As I said earlier there are many versions of Marie-Antoinette’s history, as none of us were there we have no claims on knowing which version is the truth. Certainly there may be some small errors in the text, the author is not available to correct them (I am not the uthor and I will not put words in his mouth). I think you will find however that the bulk of the history here, including some of the aspects that you disagree with is supported by historical scholarship. Is one version correct and the other false, perhaps, but that is what the comments section and the forum are here for. I don’t think it’s at all useful however to say “I think this history is wrong and it should be taken off the Internet.” If that were the standard we were going to live by there would be a lot less interesting material to read online and nothing to talk about.
Can I invite you to join the forum here? I think you will find lots of people who share your view and others who might enjoy the debate with you!
eliza
first of all, i’m not trying to be stubborn, but one of the things i said was incorrect and had historical evidence from the person it was about. ok, i keep a diary, like louis XVI did, if in 217 years somoebody said i had an opperation, but it was not mentioned in my diary which historians new very well existed, wouldnt that mean people were either ignoring the one which was more likely to be the truth, or choosing to believe historians over somebody who would know if they had an opperation, and if so, why would it not be mentioned in the diary. i mean an opperation is a pretty big thing.

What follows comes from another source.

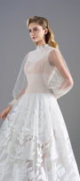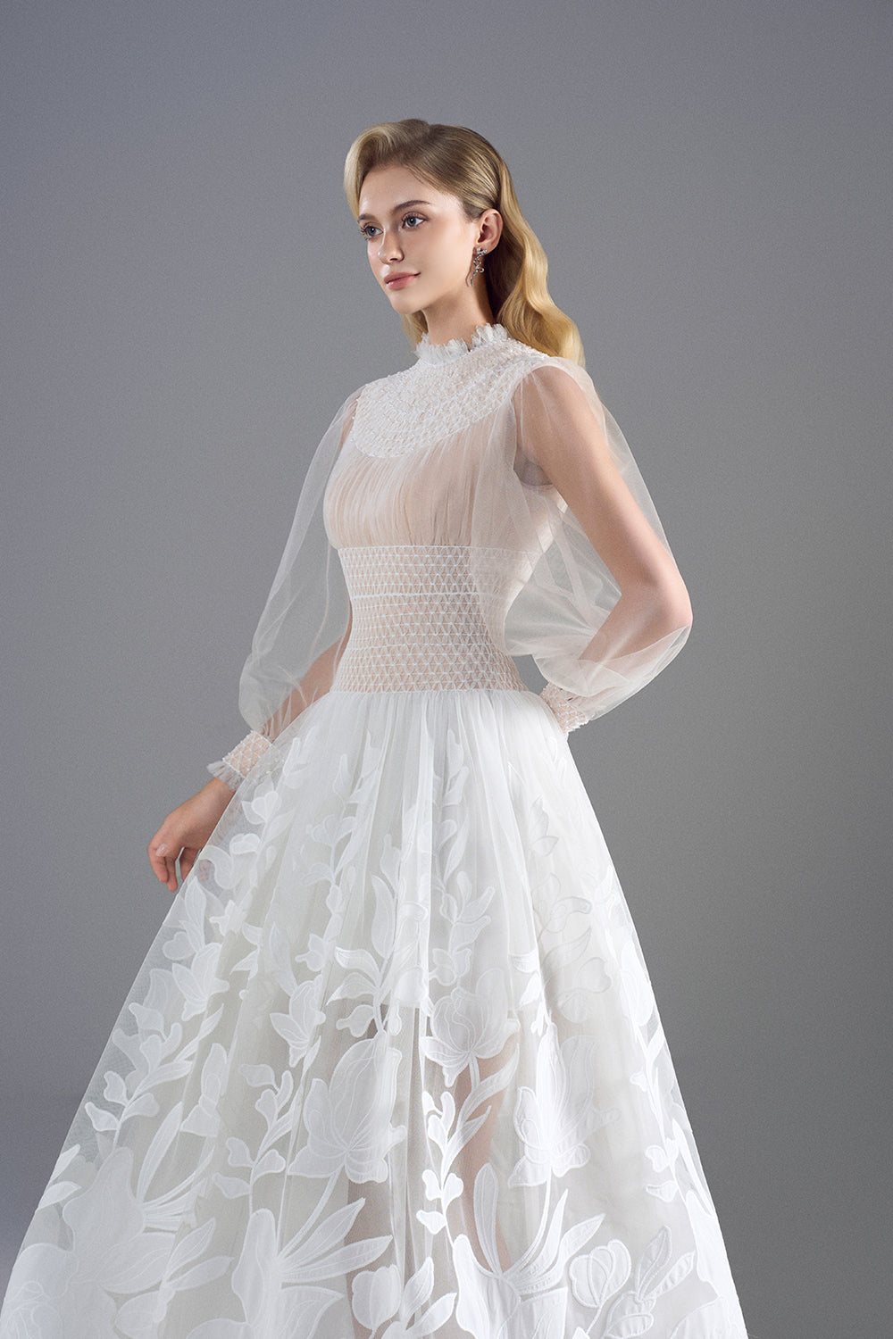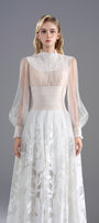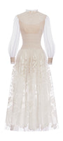 Elevate your wardrobe with this expertly crafted A-line maxi dress, featuring a high neck, elegant bishop sleeves, intricate smocking, and delicate applique accents. Ideal for formal gatherings, garden parties, or sophisticated soirées.

also, i think it is better to have less historical stuff on the internet in general, i mean, no wonder librarys are closing down, if people read the first website they see who knows how correct it was, i mean, say there was a website about marie antoinette which said she was evil, killed her husband and was a whore, as well as being a mistress to both her brothers in law, which is obviously not true and as far as i know this website doesnt exist, but say it did, what if it was created by a descendent of robespierre, who was looking to increase M.A.’s bad name, whereas with book, people are less likely to do that if they’ve got to find enough lies for a three hundred page book. also, the internet is very unreliable, ive seen three different websites about marie antoinette, its mysterious how the number of her siblings increases each website.
and sometimes the internet is the only way to find stuff out, i’m writing a historical novel set in restoration london, and the main character is an actress, it was the first time they had actresses in england, and i cant find a single book about restoration actresses, so im putting my faith in the internet, but i want to be as historically correct as possible, so i either have to find a time machine (unlikely) stop writing it(the characters are always in my head so not possible) or believe what i read on the internet, which i am very reluctent to do. so sometimes the internet is the only way, but i think if someone is interested in marie antoinette they should read at least two different books by different authors. because with marie antoinette at least there are a lot of books about her
i dont mean to insult this website cos i appreciate that alot of history is bound to be incorrect, i mean as well as the fact most historians have a biased oppinion so yeah, but i just want the world to know as much of the truth as possible, especially when it comes to marie antoinette, cos their were so many lies told about her when she was still alive, and now when she’s dead some people still believe them, or believe particular historical movies about her which portray her as an idiot.